In the final section of this chapter, we discuss the far-reaching implications of our findings for the diagnosis and treatment of Buerger’s disease. Our research provides a solid foundation for the development of diagnostic tools and therapeutic interventions, ultimately improving the outlook for individuals afflicted by this challenging autoimmune disorder.

6.1 Cellular and humoral markers and targeted diagnosis of TAO

The understanding of TAO as a distinct disease separate from other vascular disorders (there is basically no debate among scholars) is relatively recent, dating back about 50 years. Its regional characteristics and varying prevalence in different parts of the world have contributed to slower progress in research. Although the disease is very painful and the amputation rate is high.

In the past four decades, research on the immune pathogenesis of TAO has shifted from scattered detection methods to more comprehensive and in-depth investigations. Scientists have discovered certain cellular and humoral markers associated with the disease.

6.1.1 Cellular markers

Cellular markers refer to specific types of immune cells that are involved in the inflammatory process of TAO. The presence of certain immune cells, such as neutrophils and T lymphocytes, within the affected blood vessels, suggests their role in the disease pathogenesis.
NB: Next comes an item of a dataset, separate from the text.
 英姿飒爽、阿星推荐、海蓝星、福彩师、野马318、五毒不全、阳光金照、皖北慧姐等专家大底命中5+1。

Detecting and analyzing these cellular markers can provide insights into the immune response.

6.1.2 Humoral markers

Humoral markers, on the other hand, refer to molecules present in the blood circulation that are associated with the disease. As mentioned earlier, markers such as antivascular antibodies and antigen-antibody complexes have been found to deposit on the walls of blood vessels in TAO. These humoral markers indicate an immune response targeting the vascular endothelium and contribute to the inflammatory process and vessel occlusion seen in the disease.
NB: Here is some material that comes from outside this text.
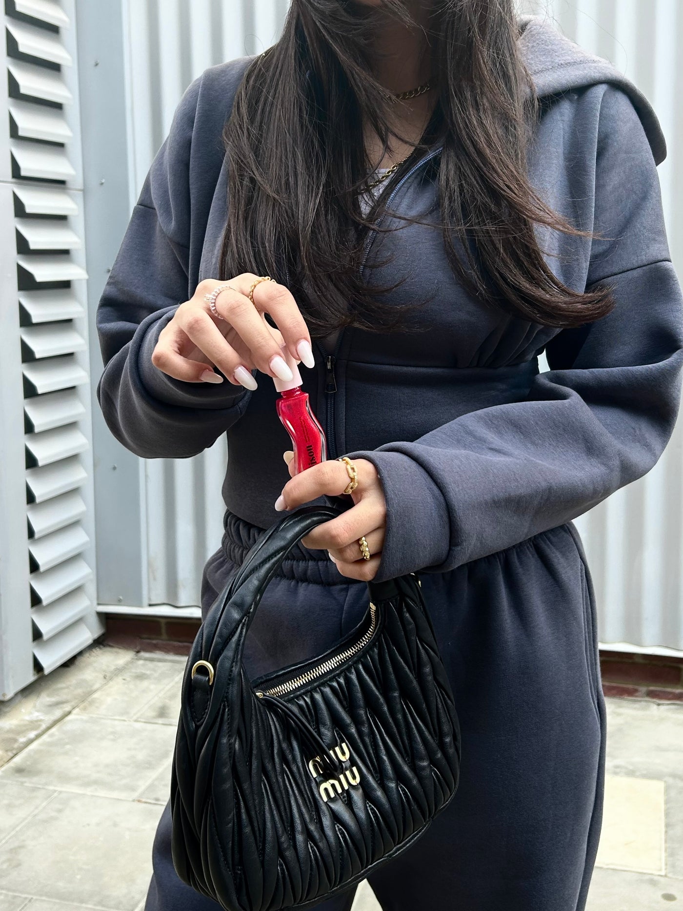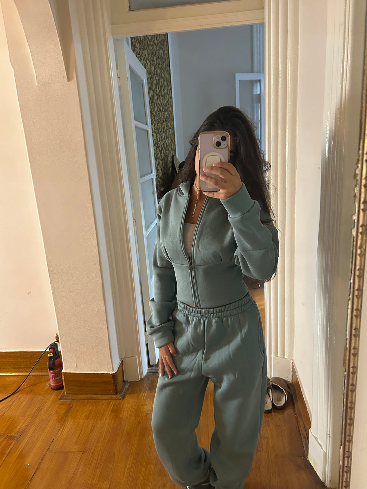 Stay warm and stylish with the Cozy Set, made from soft, durable Melton material. Featuring a zip-up jacket and high-waisted joggers with an elastic waistband, it’s perfect for lounging or casual outings.

Furthering efforts to the identification and detection of TAO-specific diagnostic markers from blood circulation are crucial for improving the diagnosis of the disease. By developing reliable and specific tests to detect these markers in the blood circulation, healthcare professionals can potentially diagnose TAO earlier, leading to timely interventions and a reduction in the high amputation rates associated with the disease.

6.2 Treatment of TAO

6.2.1 Avoid triggers of vascular inflammation

Avoid factors that can trigger vascular inflammation, such as nicotine, exposure to sudden cold and sudden heat, and trauma. Smokers should quit smoking immediately and take measures to prevent exposure to temperature extremes and trauma.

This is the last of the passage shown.